Aprovechándose del Cargo

La indignación domina a la mayoría de ciudadanos del país tras conocerse que alrededor de 500 personas recibieron la vacuna de Sinopharm fuera del ensayo clínico. Se tiene que distinguir que hay un grupo de unos 12,000 voluntarios que respondieron a la convocatoria para un ensayo clínico, a cargo de la Universidad Cayetano Heredia y la Universidad Nacional Mayor de San Marcos, bajo las condiciones que exigen este tipo de investigaciones. Estas personas respondieron por un deber cívico, y colaboraron con la ciencia. El ensayo clínico consiste en que algunos recibieron la vacuna, otros recibieron un placebo, con fines estrictamente de investigación.

Sin embargo un paquete de 3,200 vacunas que llegaron supuestamente para el equipo de investigación, ha sido usado de manera que recién se está conociendo. El destape del caso que hoy se conoce como Vacunagate comenzó con la revelación de que el expresidente Martín Vizcarra y su esposa se vacunaron.

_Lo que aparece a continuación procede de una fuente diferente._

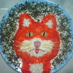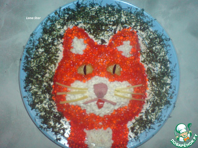 Выкладываем на блюдо, формируем мордочку кота, оформляем яичными окрашенными белками (белок одного яйца окрашиваем чаем, второго - шафраном, трем на средней тeрке, перемешиваем).
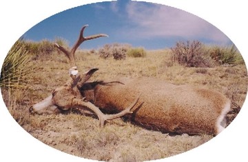 This is a shot of RG's 2003 mule deer where [and as] he fell after being pierced by a 132 Gr. BIB from a distance of 268 Yd; the deer was not moved. However, note that the harvest/carcass tag was signed, cut and attached! About 1/2 hour prior to finding and shooting this OLD boy, I had the pleasure of being struck by an inaccurate RATTLE SNAKE – the 18-20 incher hit the top portion of my 10" tall huntin' boot (he was likely too short as opposed to being "inaccurate!)! That made 'slipping about in the sage a little more interesting . . .
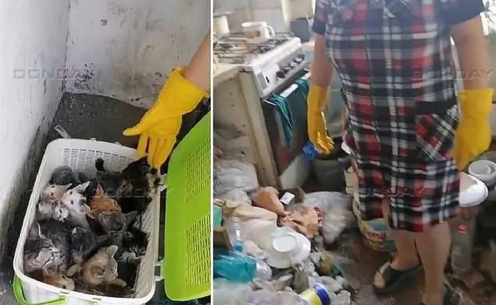 «Ад для животных существует! Их убивали и ели. В квартире, похожей на большой мусорник, живёт пожилая мать с 30-летней дочерью. Бедных животных они забирали на рынке, где котят отдают в добрые руки. Мы забрали 41 котёнка, взрослого полуживого кота и одного щенка. Часть котят уже полуживые, они еле дышали, часть в относительном порядке. Стараемся спасти!!! Трупы животных умерших своей смертью, лежали там же в квартире... Кости, фрагменты скелетов, внутренности... На балконе сушились шкурки кошек и котят, а в кастрюле на кухне обнаружили варёные останки котят», — написала девушка в соцсети.

Luego el presidente reconocería que su hermano también fue vacunado. Vizcarra pretendió evadir su responsabilidad diciendo que fue parte de los voluntarios, lo que ha sido desmentido por el equipo de investigación.

Ante la presión ciudadana que exige conocer quiénes más recibieron las vacunas, se reveló una lista de 487 personas. Allí figuran los propios investigadores que dirigen el ensayo, médicos, rectores, vicerrectores de las universidades que dirigen el ensayo, las ex ministras de Salud y de Relaciones Exteriores, funcionarios públicos, empresarios, familiares y amigos selectos de estos. Pero es evidente que la lista no está completa, que hay otros más, cuyos nombres aun no han sido revelados.

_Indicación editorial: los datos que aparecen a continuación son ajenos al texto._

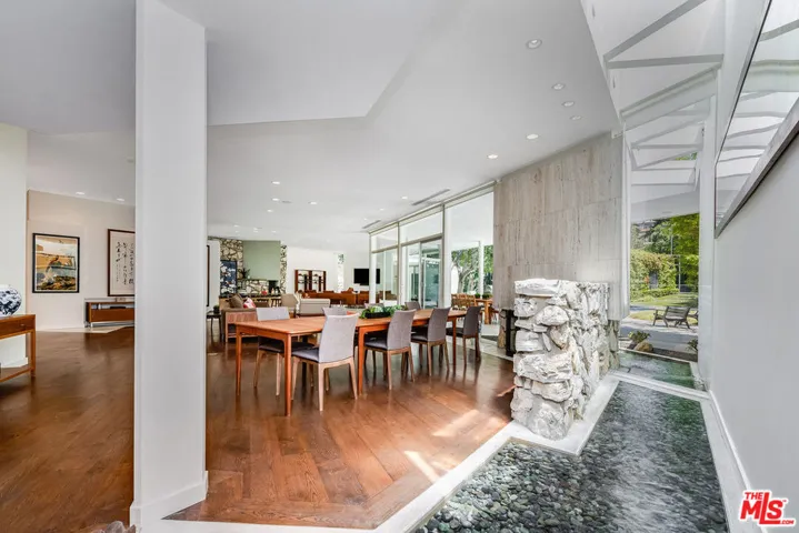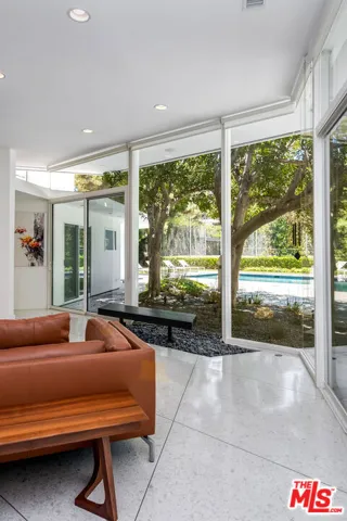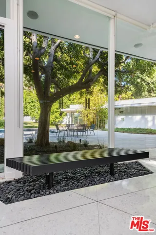 A true architectural gem by master architect A. Quincy Jones, AIA, this mid-century masterpiece is nestled in the heart of Beverly Hills on a rare street-to-street 1.2-acre lot north of Sunset. Exemplifying timeless California modernism, the home showcases original mid-century details including iconic floor-to-ceiling glass walls that flood the interiors with natural light, terrazzo flooring, fieldstone accent walls, and a classic step-down bar. The open-concept layout seamlessly connects expansive living and dining spaces to multiple patios and outdoor spaces, ideal for effortless indoor-outdoor living. The primary suite offers a serene retreat with a cozy fireplace, dedicated relaxation lounge, and a spa-inspired bath, all opening to a lush, park-like backyard complete with a swimmer’s pool and N/S tennis court. A thoughtfully designed two-unit guest house complements the original architecture, providing additional space and privacy while honoring the legacy of Jones’ vision. This is a rare opportunity to own a residence that combines architectural integrity and historic significance.

Algunos de los involucrados, como las ex ministras y los propios médicos e investigadores han tratado de excusarse hablando de ‘errores’; e incluso argumentando que no podían enfermarse y necesitaban protegerse por el trabajo que desempeñaban, por la edad, por comorbilidades. Sin embargo la forma como se manejó la aplicación de estas vacunas es lo que se cuestiona. Nunca hubo transparencia en la forma como se distribuyó la vacuna, o como se seleccionó a los beneficiarios. Es evidente que quienes tenían poder, un buen contacto, e influencia, lo ejercieron para su beneficio personal y de sus allegados, para proteger su salud, por encima de los demás, aprovechando sus privilegios.

Se rechaza que se haya tratado de un error porque no fue algo accidental. La aplicación de la vacuna implicó tomar una decisión, alguien se los ofreció y decidieron aceptarlo; o peor aún, buscaron el contacto y solicitaron el beneficio. Se espera que la investigación fiscal sea profunda, exhaustiva y se determinen las responsabilidades de los involucrados. Aunque la sanción no sanará la indignación que sufren los peruanos.